His Will reveals that he was in the process of building his empire that includes shareholding in 46 companies in Kenya – some very well known companies, others obscure.
However the exact amount of shares he owned in each of the companies are not indicated. Some of the companies he invested in include Jacaranda Hotel Limited, Cianda Estates Limited, New Kenya Cooperative Creameries, Kenya Wine Agencies Limited, Nation Media Group Limited, Standard Chartered Bank Kenya Limited and Kentmere (1986) Limited.
He also owned shares in little known companies like the Kenya Miraa Growers Limited, Maziwa Transporters Limited, Kiambu Sawmills Limited, Joreth Limited, Kenya Poultry Produce Cooperative Society and Kyango Company Limited among others. Although he was rumoured to be among the wealthiest landowners in the country, the exact amount of land he owned and their value is not exactly known since the acreage is not listed in the list of assets.
The Will only mentions the acreage of two of his vast land holdings: the 508-acre Cianda Farm and the 27.3-acre Lynton Farm. The list of assets indicate that he owned six pieces of land in Kiambaa, a parcel of land in Gilgil, three parcels in Laikipia, Limuru, two parcels in Molo, a plot in Nakuru and two parcels in Ruiru.
The list does not indicate where three other piece of land are located.
In the Will, Karume bequeaths his wife all his shares in companies listed at the stock exchange in Kenya and abroad. However the official list of assets does not indicate what property he owned abroad.
The Will also mentions two companies – Gracia Limited and Contractors and Harvesters Limited – both of which are missing in the official list of assets.

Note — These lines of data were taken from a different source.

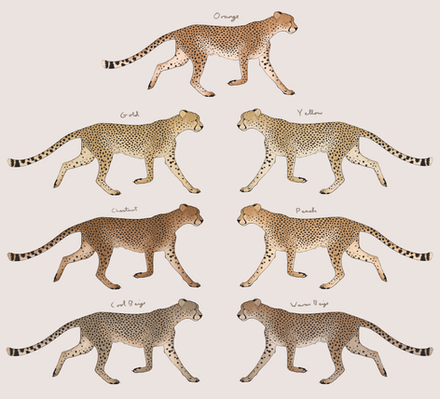 Cheetahs have always been my fav animal and this is a really cool guide to their colors even if some are super rare or just lost to time.
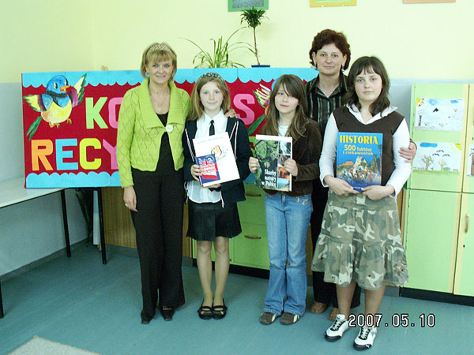 W dniu 10 maja 2007 r. w Szkole Podstawowej nr 3 odbył się szkolny konkurs recytatorski „Ptaki, Ptaszki i Ptaszęta Polne”, w którym łącznie zaprezentowało wiersze 64 uczniów z klas I – VI. Dzieci szczególnie z klas młodszych najchętniej, jak zwykle, recytowały wiersze J.Brzechwy i J.Tuwima. Jury, w składzie: A.Bukowska, J.Iwanowska, i K.Tocha, miało niezwykle trudny wybór, jeżeli chodzi o wyłonienie najlepszych recytatorów, gdyż poziom był bardzo wyrównany. W grupie młodszej I miejsce zdobyła Natalia Wierzbicka (klasa III b, II miejsce przypadło Zuzannie Płachta III e, a III- Klaudii Szymczak (I b). W grupie starszej klas miejsce I zdobyła Monika Jastrzębska (VI b), II- Karolina Lewko V a, III- Daria Badyna (IV e). 15 maja w kinie „Bajka” wszystkie uczennice wzięły udział w dalszych eliminacjach, tym razem miejskich. Gratulujemy wszystkim uczestnikom! Organizatorki konkursu: B.Hulewska J.Iwanowska
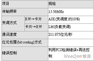 此時RW若傳送資料給IC卡片時,RW會傳輸變調度大約10%左右的ASK(振幅輸變)信號給IC卡片,IC卡片檢測該信號并轉換成資料;反之如果從IC卡片傳送資料給RW時,IC卡片變成從RW接收無變調信號狀態(tài),接著利用IC卡片內的變調器產生負載變動,RW將此負載變動當成自我loop天線,亦即RW的天線的電流、電壓變化檢測并將資料復調。表1是FeilCa的物理層與資料鍊層的主要規(guī)格。
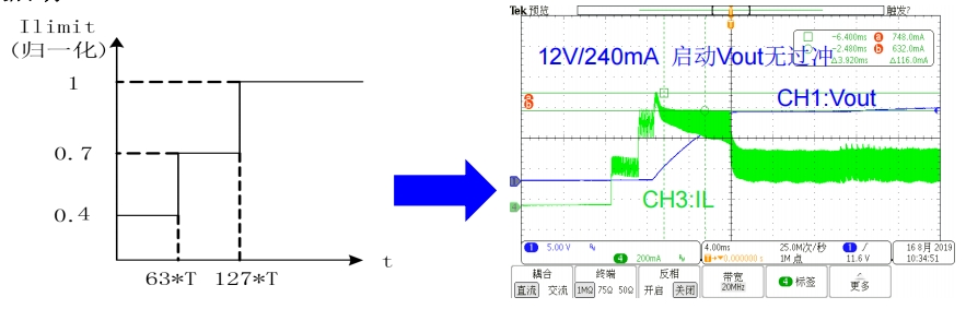 BP2522D具备软启动功能,通过分段增加峰值电流来减小开关应力,避免输出电压过冲现象。软启动分为三个阶段:第一阶段Ipk1=0.4Ilimit,第二阶段Ipk2=0.7Ilimit,第三阶段Ipk3等于设置的Ilimit。在重载下启动时,系统会触发降频模式,工作频率降为满载的1/4。
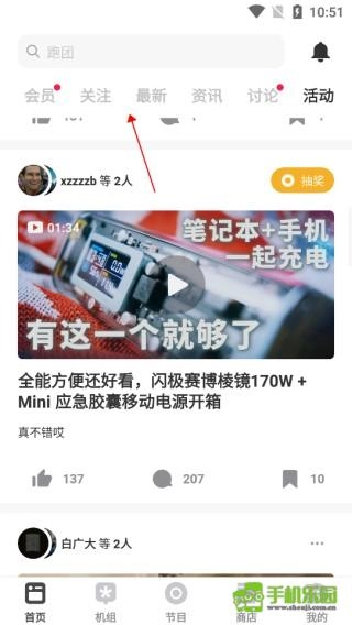 首页板块中可以看到推荐的资讯,也可以查看自己的关注、谈论活动等
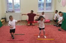 Чтоб успешно развиваться, надо спортом заниматься.Вот мы и бегали, прыгали и играли в веселые игры под руководством нашего инструктора по физической культуре Дениса Сергеевича Ильина
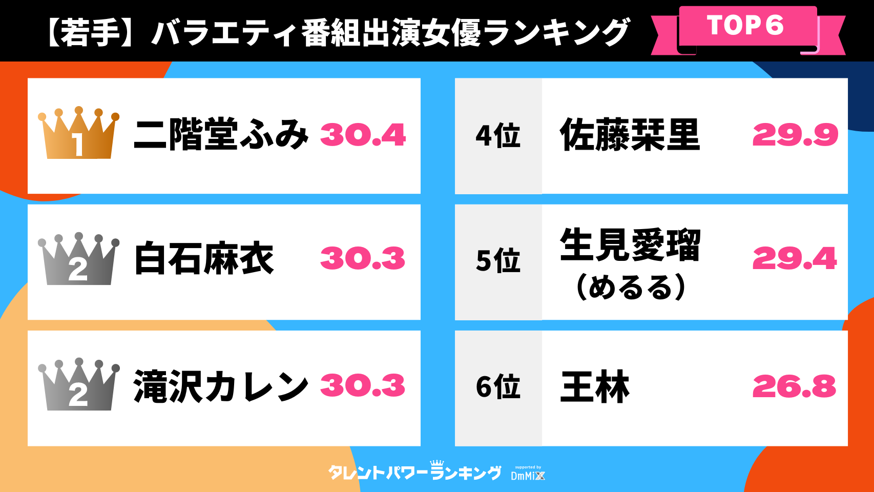 タレントパワーランキングが選ぶ「2022年下半期にブレイクした男性タレント・女性タレントTOP10」
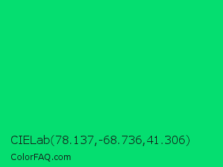 CIELab 78.137,-68.736,41.306 Color is a normal green color and the nearest color is Malachite #0bda51. Hex code #05de70 and RGB value is rgb(5,222,112). In RGB color space, this color is composed of 2% red, 87% green, 44% blue, In CMYK color space, this color is composed of 98% cyan, 0% magenta, 50% yellow , 13% black , In HSL color space, this color has a hue angle of 150° , 96% saturation and 45% lightness.
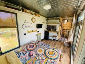 Двуспальная кровать, санузел на каждом этаже. ВНИМАНИЕ: вход на 2 этаж через улицу! До 4х человек. Кухня на 1 этаже.
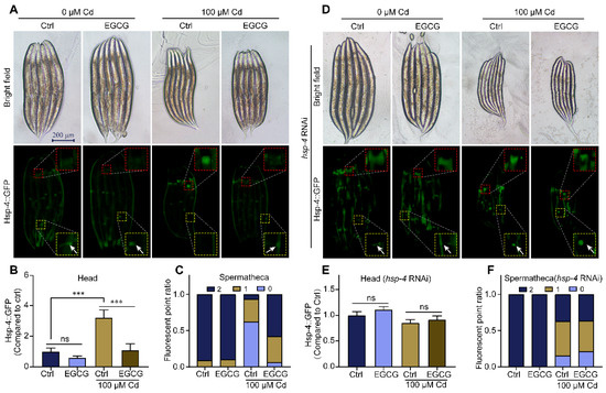 Cd induces ER stress and activates the endoplasmic reticulum unfolded protein response (UPRER) [26]. To test the effect of EGCG on ER stress under Cd exposure, we used the hsp-4p::GFP strain as a reporter gene [27]. While the overall expression of hsp-4p::GFP was minimally affected by Cd and EGCG (Figure 3A), there was a significant difference in its expression in the head region of the nematode. Additionally, Marcella Calfon et al. showed that in the absence of drug treatment, there is constitutive hsp-4p::GFP expression in both spermathecae (Figure S3A). In a Cd-free environment, EGCG had little effect on the expression of hsp-4p::GFP. However, exposure to Cd induced hsp-4p::GFP expression in the nematode head and suppressed expression in the spermathecae. Supplementation with EGCG significantly suppressed the expression of the hsp-4p::GFP in the nematode head and appeared to partially restore the expression in the spermathecae (Figure 3A–C). Interestingly, hsp-4 RNA interference (RNAi) induced the expression of hsp-4p::GFP (Figure 3D). Furthermore, when subjected to hsp-4 RNAi, Cd was unable to induce ER stress in the nematode head, and EGCG lost its ability to inhibit ER stress in the nematode head and increase the expression in the spermathecae (Figure 3D–F).
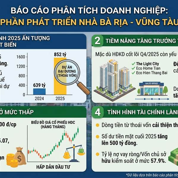 Cổ phiếu HDC có nền tảng doanh nghiệp cơ bản tốt với các dự án dài hạn và tình hình tài chính đã được cải thiện. ...
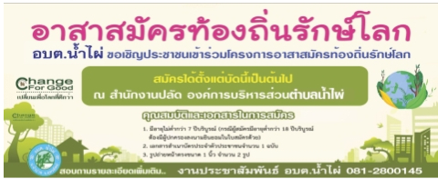 อาสาสมัครท้องถิ่นรักษ์โลก (อถล.) คือ บุคคลที่มีความสนใจ มีความสมัครใจมีความเสียสละและอุทิศตนในการทำงานด้านการจัดการสิ่งปฏิกูลและมูลฝอย การปกป้องและรักษาสิ่งแวดล้อมในท้องถิ่นของตนเอง ใช้ชื่อย่อว่า อถล. ซึ่งบุคคลที่จะสมัครเป็น อถล. ได้จะต้องมีคุณสมบัติ ดังต่อไปนี้ 1. มีสัญชาติไทย 2. มีอายุไม่ต่ำกว่า 7 ปี บริบูรณ์ 3. มีภูมิลำเนาอยู่ในเขตตำบลน้ำไผ่ ความหมายและสัญลักษณ์ของ อถล. อถล. เป็นการรวมกลุ่มของประชาชนในท้องถิ่นที่มีจิตอาสาในการช่วยเหลืองานขององค์กรปกครองส่วนท้องถิ่น เกี่ยวกับการจัดการสิ่งปฏิกูลและมูลฝอย การปกป้องและรักษาทรัพยากรธรรมชาติและสิ่งแวดล้อม "อาสาสมัครท้องถิ่นรักษ์โลก" หมายความว่า ประชาชนที่มีจิตอาสา สมัครใจ เสียสละ และอุทิศตน เพื่อช่วยเหลืองานด้านการจัดการสิ่งปฏิกูลและมูลฝอย การปกป้อง และรักษาทรัพยากรธรรมชาติ และสิ่งแวดล้อมขององค์กรปกครองส่วนท้องถิ่น ใช้ชื่อย่อว่า "อถล." มีชื่อเรียกภาษาอังกฤษว่า "Local Environment Volunteer" และใช้ชื่อย่อภาษาอังกฤษว่า "LEV" "เครือข่ายอาสาสมัครท้องถิ่นรักษ์โลก" หมายความว่า การเชื่อมโยงกันของ อถล. เพื่อการเรียนรู้แลกเปลี่ยนข่าวสาร หรือทํากิจกรรมร่วมกัน ในการบริหารจัดการสิ่งปฏิกูลและมูลฝอย รักษาสิ่งแวดล้อมและทรัพยากรธรรมชาติด้วยความเป็นอิสระและเท่าเทียมกันของบุคคล ภายใต้พื้นฐานการเคารพสิทธิและเอื้ออาทรซึ่งกันและกัน และใช้หลักธรรมาภิบาลในการทํางานร่วมกัน โดยใช้ชื่อย่อว่า "เครือข่าย อถล."

It is from this premise and from a past of wealth creation that Karume went on to the next stage in the theatre of his life – politics – which was a different ball game altogether.

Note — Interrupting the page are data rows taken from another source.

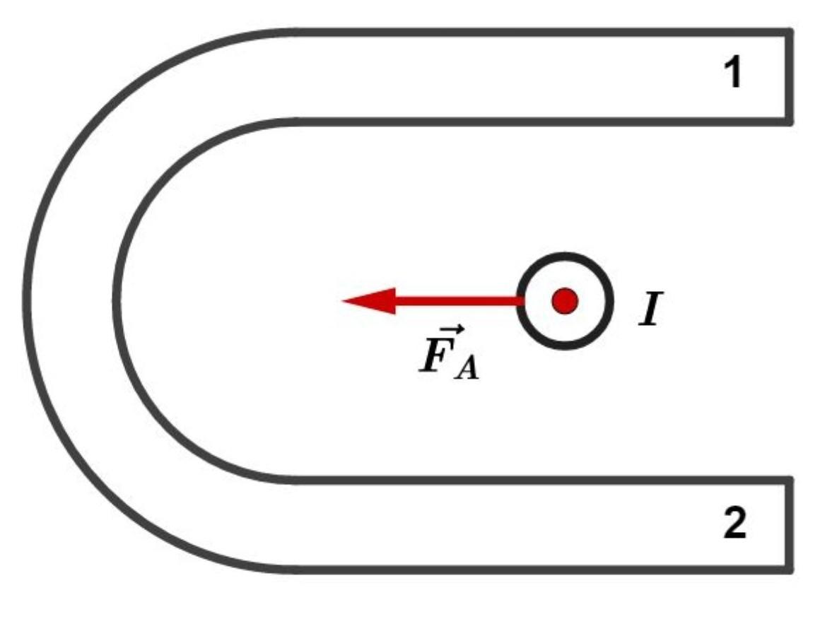 По правилу левой руки. Большой палец располагаем по направлению вектора силы . Четыре пальца левой руки смотрят на нас перпендикулярно картинке. Так как сила тока I Направлена перпендикулярна плоскости картинки на нас. Это выражается точкой внутри кружка около буквы I. Теперь магнитное поле входит в ладонь и выходит с тыльной стороны ладони. То есть со стороны 2 к 1. Как известно, линии магнитного поля выходят из северного полюса и входят в южный полюс. Значит северным полюсом будет 2 (оттуда выходят линии магнитного поля), а южным полюсом будет 1 (туда входят линии магнитного поля).
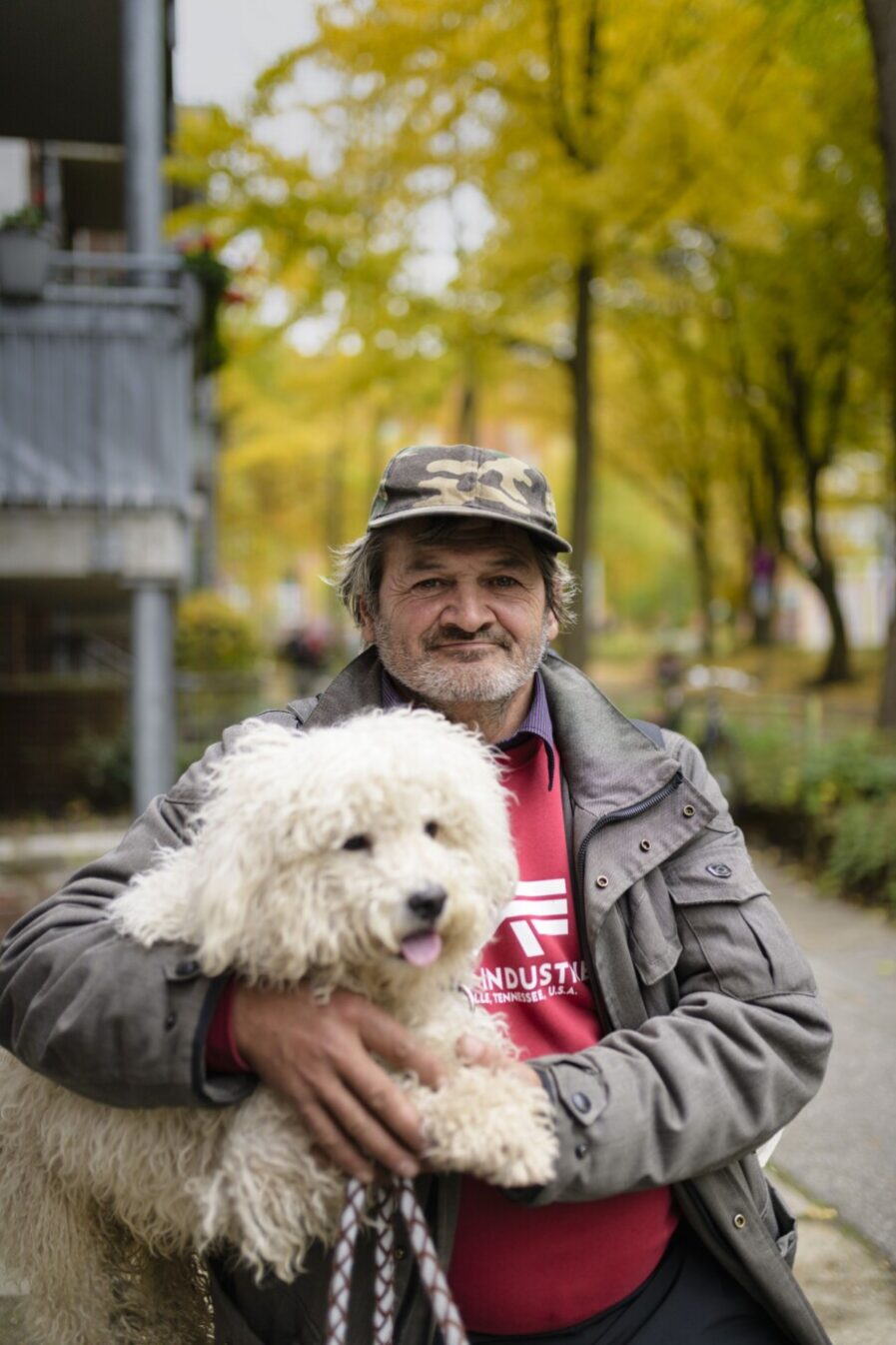 Viroel, 56, hatte Glück. Er hat einen der begehrten Plätze in einem Wohncontainer bekommen. Den Zettel mit dem Diakonie-Stempel, der sein Glück offiziell macht, behandelt der Hinz&Künztler wie seinen größten Schatz. „Ob ich glücklich bin?“ Er hält das Blatt Papier triumphierend in die Höhe. „Aber richtig!“ Er strahlt seinen Hund Max an. Mit ihm hätte Viroel im städtischen Winternotprogramm keine Chance gehabt. Dort sind Hunde verboten. Foto: Imke Lass
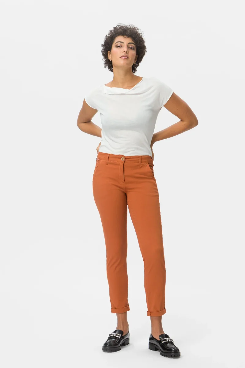 Pantalone Cinos Donna Slim Cotone super stretch Peso tessuto: primavera/estate Pantalone cinos dalla vestibilitร slim in tessuto di cotone super stretch, con risvolto al fondo, tasca a filetto sul retro, cintura interno fantasia e piccoli dettagli colorati e sfiziosi che lo caratterizzano. Un pantalone sportivo, versatile e quotidiano, disponibile in tante varanti colori fra cui […]

His uncanny ability to align himself with the status quo saw him become part of the infamous bid to change the Constitution after Kenyatta’s death to prevent a non-Kikuyu from becoming president.
Karume, together with a cohort of allies, were against Daniel Moi becoming president. But Moi, as vice president and according to the Constitution was legally required to take over State House after the demise of the President.
Power games, pitting Karume on one hand and the then ambitious Attorney General Charles Njonjo on the other, resulted in Karume being charged for treason for “imagining the death of the president”, which at the time a crime under the Penal Code.
A keen student of the present, Karume once again shifted the ground by moving the motion to repeal the infamous section 2A of the Constitution that once again reintroduced multiparty politics.
It is at this time that Karume the capitalist was forced to make a decision that saw him splinter away from the leading opposition party Forum for Restoration of Democracy (Ford) and together with age mates and long time friends Mwai Kibaki and John Keen formed the Democratic Party.
This was an ill-timed move as the wave in central Kenya was firmly behind Kenneth Matiba’s other splinter party Ford-Asili. After the ’92 elections, he found himself outside the realm of political influence.
Five years later, after a hiatus from politics, he regained his seat on a DP ticket. In the next election, getting the mood of his constituents right, he ditched DP for a Kanu ticket forging a new alliance with the new kid on the block Uhuru Kenyatta, while ditching his long time confidant Mwai Kibaki who was elected president on a Narc ticket.
Until his death Karume served in both Kibaki administrations under various capacities and at one point holding the powerful docket of Defence minister.